Luxembourg publishes a first draft of administrative dissolution without liquidation procedure


Bill n°6539B, resulting from the splitting of bill n°6539 relating to the safeguard of companies and the modernization of bankruptcy law, provides for the introduction of a new forced dissolution procedure applicable to certain companies Luxembourg companies that do not comply with Luxembourg law.

Currently, pursuant to article 1200-1 of the law of August 10, 1915 on commercial companies, as amended (the company law), the public prosecutor may ask the district court to order the dissolution and liquidation of any Luxembourg company which (i) carries out activities contrary to criminal law or (ii) seriously contravenes the provisions of the commercial code , laws on commercial companies (eg absence of registered office or management or failure to approve and file annual accounts) or provisions relating to commercial licenses.

If the offenses are deemed serious enough, the court appoints one or more liquidators and decides on the mode of liquidation. The liquidator’s mission is to identify all of the company’s assets and liabilities, to pay the liabilities by realizing the assets and to distribute the liquidation proceeds, if any, to the partners.

This procedure imposes a significant administrative burden on the courts as well as significant costs deemed disproportionate when it comes to inactive companies without assets.

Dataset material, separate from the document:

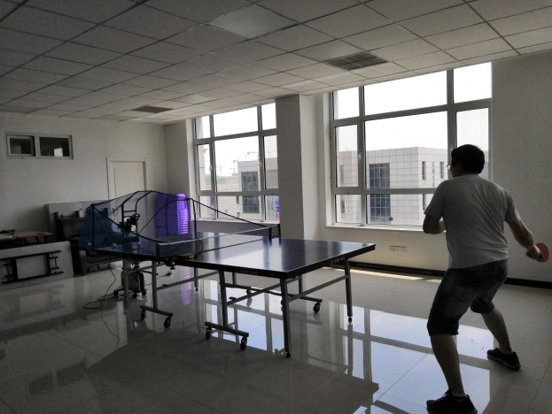 你看,乒乓球臺前,新手正對著發球機練習標準動作,期待他能早日步入高手行列。

In this context, it is proposed to introduce a new procedure, administrative dissolution without liquidation, as an alternative method to judicial liquidation, which should eliminate the “empty shells” in a short time and at a limited cost.

Who is eligible?

To enter the scope of the administrative dissolution procedure, three cumulative conditions must be respected:

  • The company is a commercial company subject to the provisions of article 1200-1 paragraph 1 of the Companies Code, i.e. a company whose activities violate criminal law or which seriously contravenes the provisions of the commercial code or laws governing commercial companies;

  • the business has no employees; and

  • the company has no assets.

The procedure for administrative dissolution without liquidation would not apply to entities subject to prudential supervision and which do not fall within the scope of the regulations applicable to bankruptcies, in particular:

  • credit institutions and investment firms subject to Part II of the amended law of 18 December 2015 relating to the failure of credit institutions and certain investment firms;

  • the other financial institutions and entities referred to in Article 2, paragraph 1 of the amended law of 18 December 2015;

  • insurance and reinsurance companies subject to the amended law of 7 December 2015 relating to the insurance sector;

  • specialized investment funds subject to the amended law of 13 February 2007 relating to specialized investment funds;

  • payment institutions and electronic money institutions subject to the amended law of 10 November 2009 on payment services; and

  • reserved alternative investment funds subject to the amended law of 23 July 2016 relating to reserved alternative investment funds.

How it works?

The procedure is still subject to change but, based on the latest version of the draft law, would mainly consist of the following steps:

  • Identification by the public prosecutor of companies likely to be subject to administrative dissolution on the basis of information and documents obtained from the Luxembourg Trade and Companies Register (RCS), the National Institute of Statistics and public administrations.

  • Request of the public prosecutor to the RCS to open the procedure of administrative dissolution without liquidation.

  • Opening by the RCS of the procedure within three days of the request made by the public prosecutor.

  • Notification by the RCS of the decision to initiate the procedure by registered letter with acknowledgment of receipt addressed to the registered office of the company.

  • Publication of the above decision in extracts within three days in two newspapers in Luxembourg and in the Electronic Compendium of Societies and Associations (RESA).

  • Possibility for the company that is the subject of the decision to open the administrative dissolution procedure, as well as any interested third party, to lodge an appeal against this decision within one month of its publication in the RESA.

  • Audit by the RCS to confirm the absence of assets and employees in the company. For this, the RCS will request information from banks, non-life insurance companies, the mortgage office, the land registry, the National Automobile Traffic Company (National Motor Traffic Company), tax authorities and the Joint Social Security Center (Common Social Security Center).

  • At the end of its mission, the RCS informs the public prosecutor of its findings. If the conditions for dissolution are met, the public prosecutor will ask the RCS to continue the procedure.

  • Decision of the RCS to close the procedure (to be taken no later than six months after the publication of the decision to open the procedure). This decision leads to the dissolution of the company.

  • Publication in the RESA of the decision to close the administrative dissolution procedure.

  • If property is found after the closure of the administrative dissolution procedure, the tribunal de grande instance sitting in commercial matters may order the liquidation of the company at the request of the public prosecutor pursuant to article 1200-1 of the code. companies, provided that the estimated value of the assets exceeds the estimated costs of liquidation. The company is deemed to exist for the purpose of its liquidation.